Recently, various Internet of Things (IoT) based algorithms and applications have been developed by making use of a substantial amount of sensor data. For example, they have been used in mobile data reception for wireless sensor networks and have been widely applied in urban sustainable development. To optimize the utilization of data from multiple sources for decision-making, it is vital to properly interpret and reuse sensor data from different domains. Since most IoT devices operate in real-world environments, the quality of information and services in the IoT domain can vary over time. The heterogeneity of underlying devices and networks also makes it difficult to provide one-fits-all solutions to represent data and services that emerge from the IoT networks. Building sensor ontology and mapping sensor data to domain ontology is a feasible way to address these issues. Currently, several sensor ontologies have been developed to define the capabilities of the sensors and sensor networks (e.g., Commonwealth Scientific and Industrial Research Organisation (CSIRO) sensor ontology, OntoSensor, sensor webs for mission operations agent (SWAMO), marine metadata interoperability (MMI) device ontology, sensor model language (SensorML) processes, coastal environment sensor network (CESN), wireless sensor networks ontology (WISNO), agent-based middleware approach for mixed mode environments (A3ME) and Ontonym-Sensor.

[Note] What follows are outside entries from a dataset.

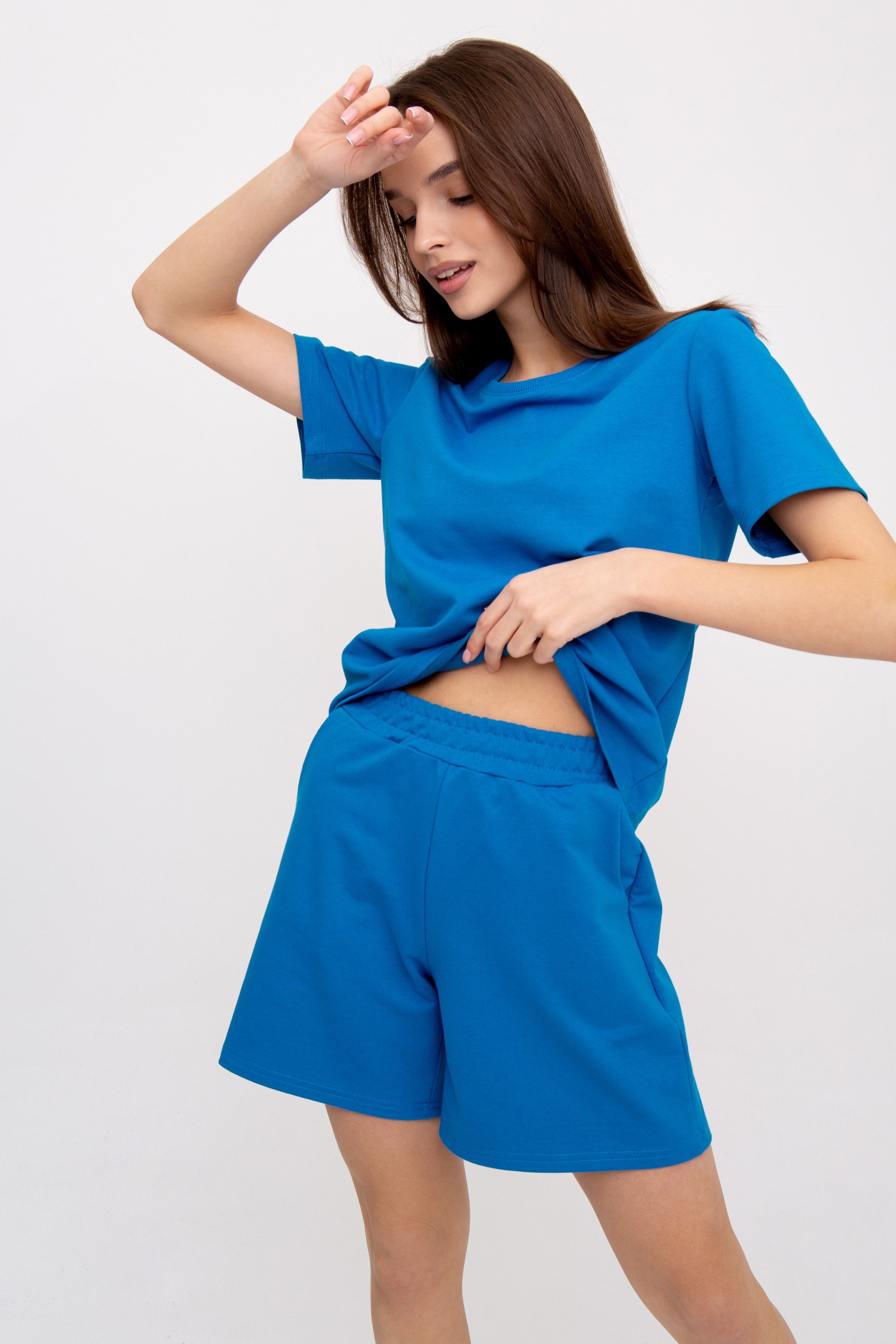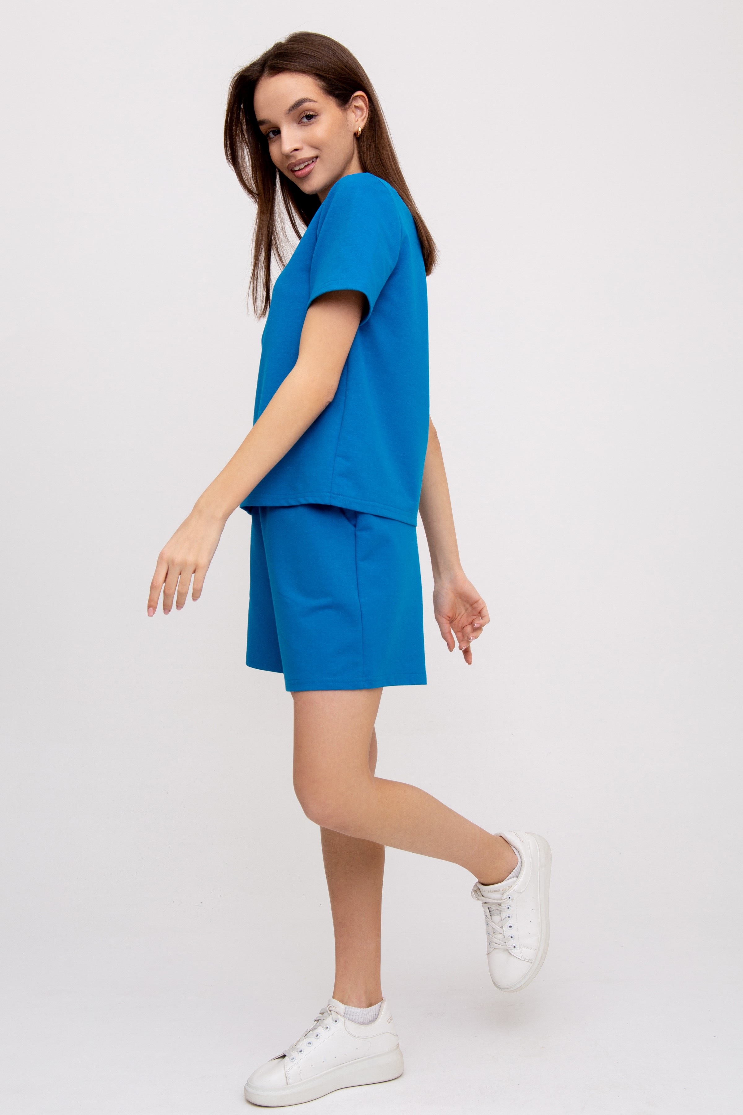 Стильный молодежный костюм  из футера состоит из футболки  и шорт
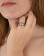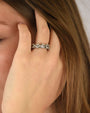 Anillo de plata tallado con 10 piedras redondas (4mm) cristal de roca
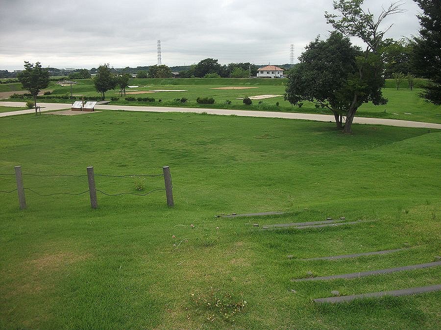 同じく展望台から西方向を。オレンジ色の屋根の民家は土塁から60mほど離れており、更に外側に外堀を兼ねた小川が流れている。
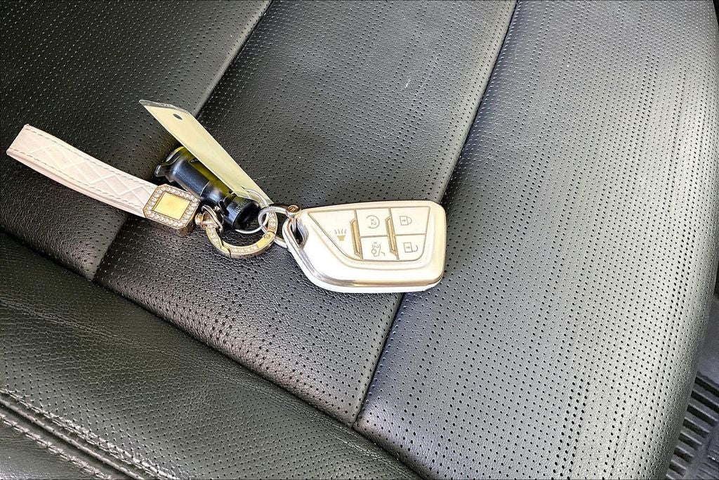 Boasting a stunning Crystal White Tricoat exterior, the Escalade Sport commands attention with its bold and distinctive styling. Complementing the sleek lines are a suite of premium features, including:
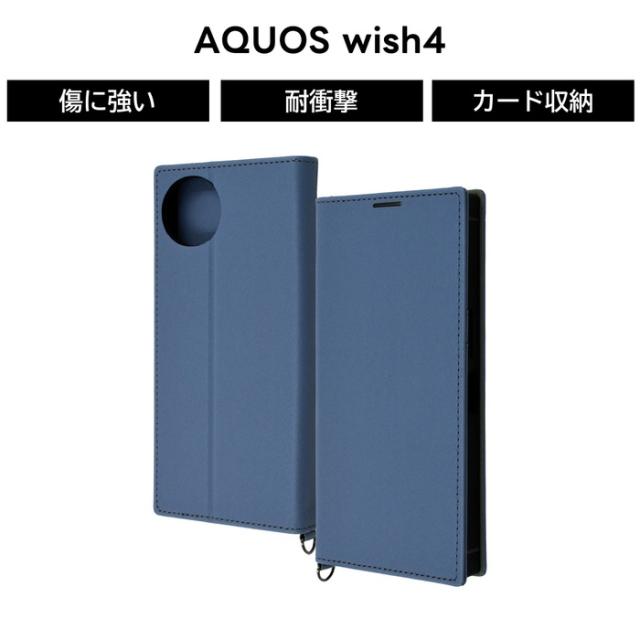 AQUOS wish4 ケース 手帳型 AQUOSwish4 SH-52E アクオスウィッシュ4 耐衝撃 手帳型ケース レザー ブルー ソフト ハード スマホケース カード収納
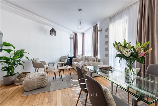 Salon w tym apartamencie to znakomite miejsce relaksu. Duże okna sięgające prawie do podłogi z szerokimi parapetami, na których można usiąść z filiżanką kawy. Przyjemne, odprężające oświetlenie wnętrza dzięki licznym żródłom światła. Salon został wyposażony w eleganckie meble i dodatki: wygodną, szeroką, rozkładaną kanapę, dwa fotele, trzy stoliki, puf, biurko z fotelem, tv, dywany, kwiaty, firanki i zasłony. W części jadalnej stoi stół z krzesłami. Piękna, drewniana podłoga z wiązu.
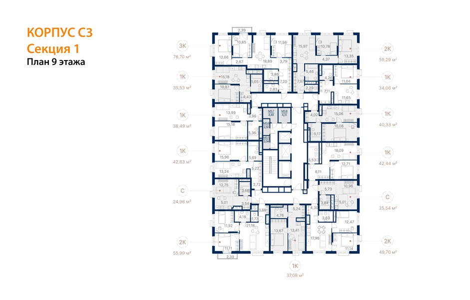 Квартира: 3 к 76,70 кв.м., 9 этаж в комплексе Ривер Парк, 4 очередь, корп.С3, сдача: 3кв. , этажей: 25, адрес Екатеринбург г., Щербакова ул., , Застройщик: ATLAS Development.

Different sensor ontologies are developed and maintained independently by different ontology engineers. The same sensor concept might be represented with different terminologies, granularities, or contexts, which raises the heterogeneity problem to a higher level. The sensor ontology heterogeneity problem brings significant challenges to data integration, data fusion, and discovery mechanisms that require interoperable and machine-interpretable data and quality descriptions. Thus, there is an urgent need to provide mechanisms to integrate and exchange knowledge from heterogeneous sensor ontologies. In particular, we need to provide techniques to enable the processing, interpretation and sharing of sensor data from IoT which use different data models, or whose information is organized into different ontological schemes.

The aim of this Special Issue is to explore recent advancements in using Machine Learning techniques (e.g., support vector machine (SVM), decision tree (DT), random forest (RF), etc.). Submissions also discussing deep learning techniques (e.g., convolutional neural network (CNN), recurrent neural network (RNN), long-short term memory (LSTM) are also welcome. Finally, this Special Issue encourages submission including optimization techniques (e.g., evolutionary algorithms, swarm intelligence, etc.) for integrating heterogeneous sensor information and knowledge.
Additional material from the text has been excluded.